おにぎり2005/10/20 08:40

 新米があちこちに出回る季節になった。

 我が家はここ数年この時期に、知り合いでお米を作っている人から市価よりは安く新米を分けてもらっている。精米する前の週あたりに何キロ欲しいかと注文を取ってくれる。文字通り生産者の顔が分かるし、古米を混ぜてズルしている心配がないので、安心していただける。

 うちでは普段は白米に、玄米、麦、あわ、きびなどを混ぜて炊いている。家族は白いご飯が本当は好きなようなのだが、そこは健康のため。麦など噛み締めるとむちむちした食感があり、なかなか味わい深い。古代米という、黒い米もあり、これはちょびっと混ぜただけで赤飯みたいな色がついて、なかなか面白い。しかし、毎年、新米の時期だけは白いご飯が食卓に乗ると相場はきまっている。

 新米が来るとまずやるのは、おにぎりを作ること。毎朝弁当を家族のためにこしらえているのだが、白米で作るおいしいものは、なんたって、おにぎりである。

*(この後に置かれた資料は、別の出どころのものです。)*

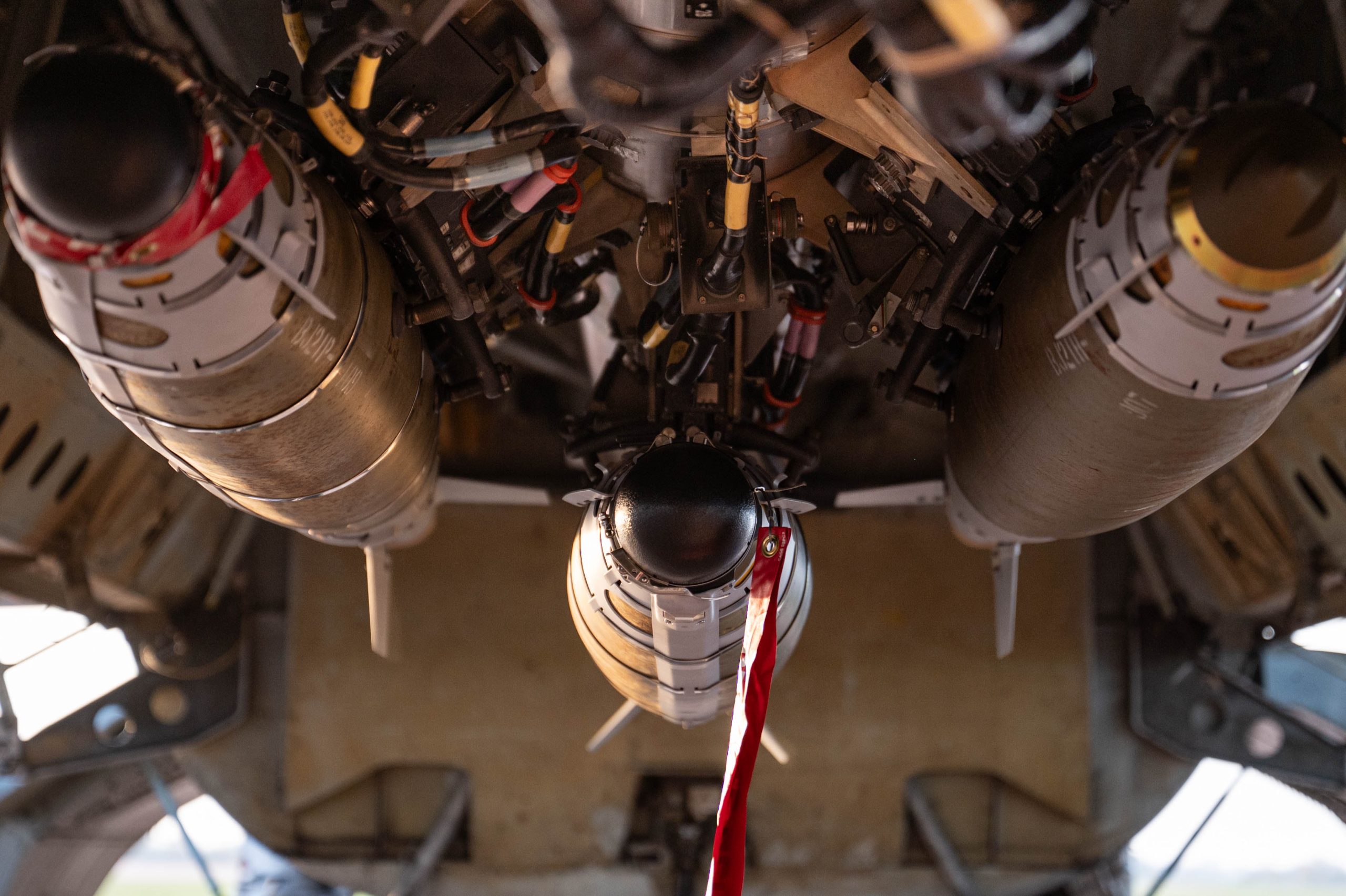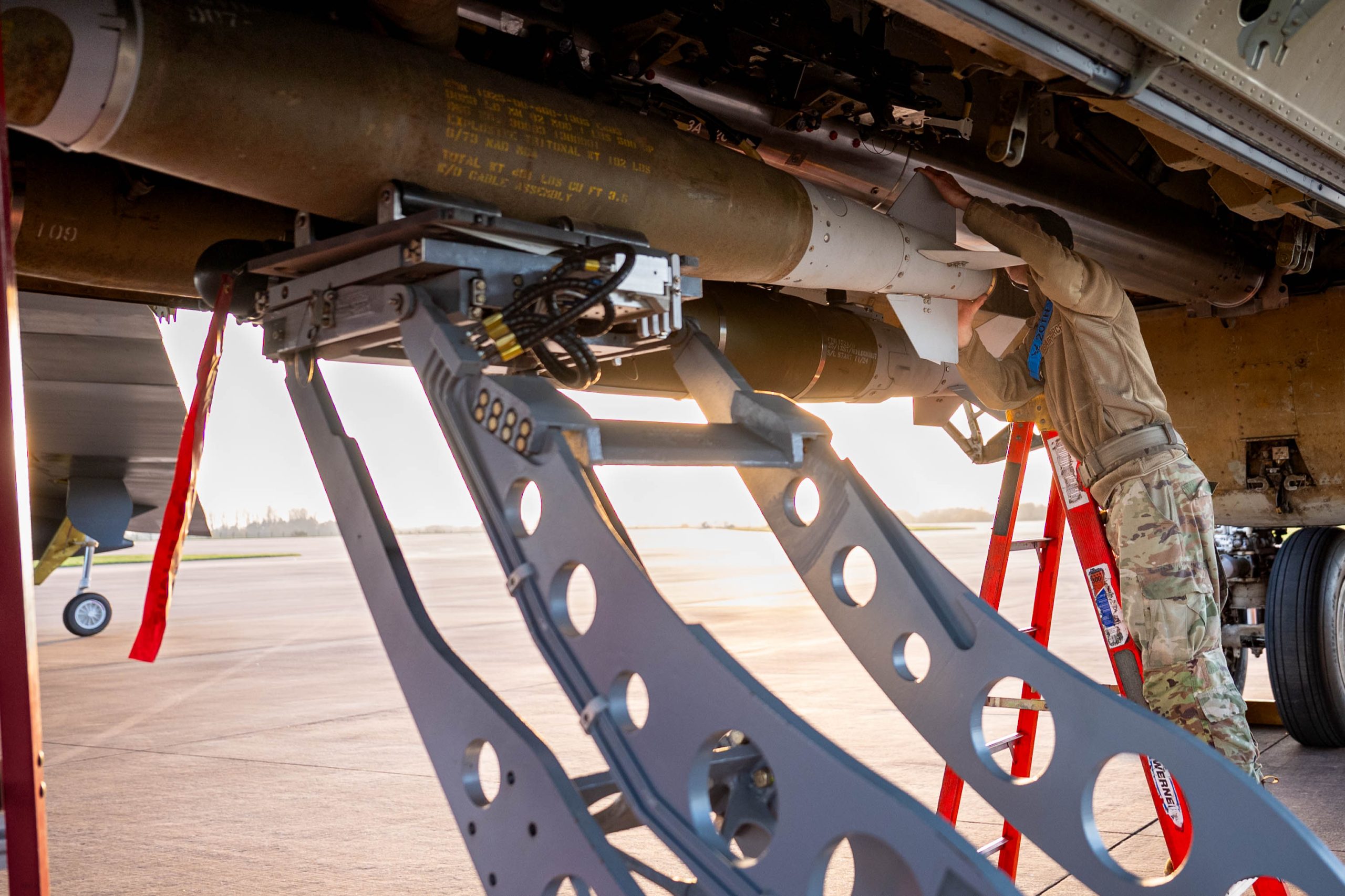 A GBU-38 Joint Direct Attack Munition is prepared to be secured in the bomb bay of a B-52H Stratofortress during Bomber Task Force 25-1, at RAF Fairford, England, Nov. 13, 2024. Through our strategic bomber missions, the U.S. demonstrates its ability to address the evolving and unpredictable security challenges of today’s global landscape. (U.S. Air Force photo by Senior Airman Mary Bowers)

 幼少時に母が作ってくれたのは、俵の形をしたおにぎり。子供が食べやすいようにと、この形だったのではないだろうか。中には何もはいっていない。小学生になると、ごく普通の三角形のおにぎりになる。母のおにぎりは、白いところがまったく見えないように、海苔できちきちに巻いてある。作り方としては、ざっとおにぎりにくるりと細長く切った海苔を巻いた後、白い隙間に海苔をちぎってはりつけていく方法である。握りたてのほかほかの時にこれをやり、ぎゅっと手で最後ににぎると海苔が定着する。中には、梅干とか昆布とかが入っていて、塩味のおいしいおにぎりだ。

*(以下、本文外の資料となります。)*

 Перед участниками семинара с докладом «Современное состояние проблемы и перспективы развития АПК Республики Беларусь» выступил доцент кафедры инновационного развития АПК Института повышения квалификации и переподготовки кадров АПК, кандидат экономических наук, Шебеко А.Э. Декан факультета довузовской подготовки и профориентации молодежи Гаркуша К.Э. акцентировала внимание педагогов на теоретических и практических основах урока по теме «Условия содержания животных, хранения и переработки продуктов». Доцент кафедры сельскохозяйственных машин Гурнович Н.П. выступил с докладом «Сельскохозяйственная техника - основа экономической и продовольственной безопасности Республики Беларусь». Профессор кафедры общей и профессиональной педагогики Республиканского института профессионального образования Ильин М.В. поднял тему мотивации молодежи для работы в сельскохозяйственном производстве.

 昔、欧州の海岸で海水浴に行った事がある。お昼に出てきたのはこのおにぎり。これを一緒に食べた人(日本人)が、

「現地の人は、僕らが爆弾を食べていると思ってるんじゃ ないかなぁ~」

といって、笑っておられた。 確かに「爆弾」という言葉がぴったりな怪しい物体である。

 入手した新米は、いつも非常にお世話になっているご夫妻に分けてさしあげている。今週末あたりには送るつもりだ。これを我が家では、「年貢米」と呼んでいる。  このご主人は、「米は太る」と、普段は白米を目のかたきのようにしておられるのだが、私が新米をおにぎりにしたという話をしようものならば、目の色が変られるようである。

 おにぎりって本当においしいよね!日本に生まれてよかった・・・としみじみ実感するのは、こんな時。